◆ Input data:
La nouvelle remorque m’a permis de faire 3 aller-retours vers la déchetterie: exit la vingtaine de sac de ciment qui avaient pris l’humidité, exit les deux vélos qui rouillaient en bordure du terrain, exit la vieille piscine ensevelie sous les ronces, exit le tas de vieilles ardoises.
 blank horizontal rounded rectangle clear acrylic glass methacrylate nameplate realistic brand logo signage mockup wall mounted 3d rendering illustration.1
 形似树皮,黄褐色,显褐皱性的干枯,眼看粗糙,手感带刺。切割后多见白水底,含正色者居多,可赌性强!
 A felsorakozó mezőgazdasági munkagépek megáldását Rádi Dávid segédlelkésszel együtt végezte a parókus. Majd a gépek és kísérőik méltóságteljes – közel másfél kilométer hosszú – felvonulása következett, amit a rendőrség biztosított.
* * *
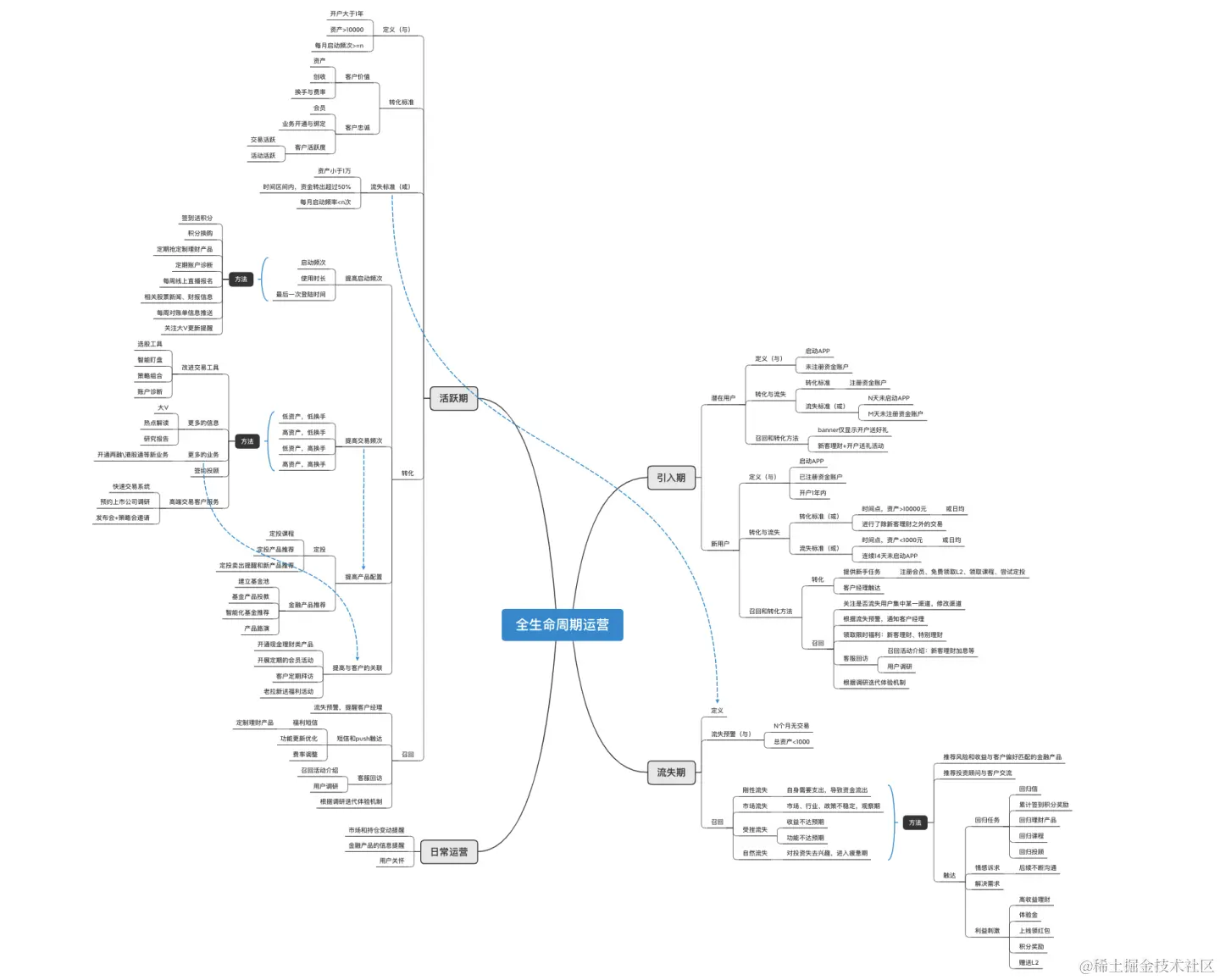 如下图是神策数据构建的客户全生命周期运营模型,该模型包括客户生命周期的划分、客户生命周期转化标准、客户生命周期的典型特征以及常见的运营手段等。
* * *
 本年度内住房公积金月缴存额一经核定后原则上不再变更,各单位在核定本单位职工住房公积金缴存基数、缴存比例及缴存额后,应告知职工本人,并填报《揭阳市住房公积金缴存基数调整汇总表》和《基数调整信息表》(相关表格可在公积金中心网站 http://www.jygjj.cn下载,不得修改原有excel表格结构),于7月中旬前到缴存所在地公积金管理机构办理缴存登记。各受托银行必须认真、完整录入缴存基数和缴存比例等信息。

◆ What to work on: Within the listing above, locate the line containing "La nouvelle remorque" and the line containing "形似树皮,黄褐色,显褐皱性的". Reproduce those two lines and all lines between them exactly, with nothing added.

◆ Exercise solution:
La nouvelle remorque m’a permis de faire 3 aller-retours vers la déchetterie: exit la vingtaine de sac de ciment qui avaient pris l’humidité, exit les deux vélos qui rouillaient en bordure du terrain, exit la vieille piscine ensevelie sous les ronces, exit le tas de vieilles ardoises.
 blank horizontal rounded rectangle clear acrylic glass methacrylate nameplate realistic brand logo signage mockup wall mounted 3d rendering illustration.1
 形似树皮,黄褐色,显褐皱性的干枯,眼看粗糙,手感带刺。切割后多见白水底,含正色者居多,可赌性强!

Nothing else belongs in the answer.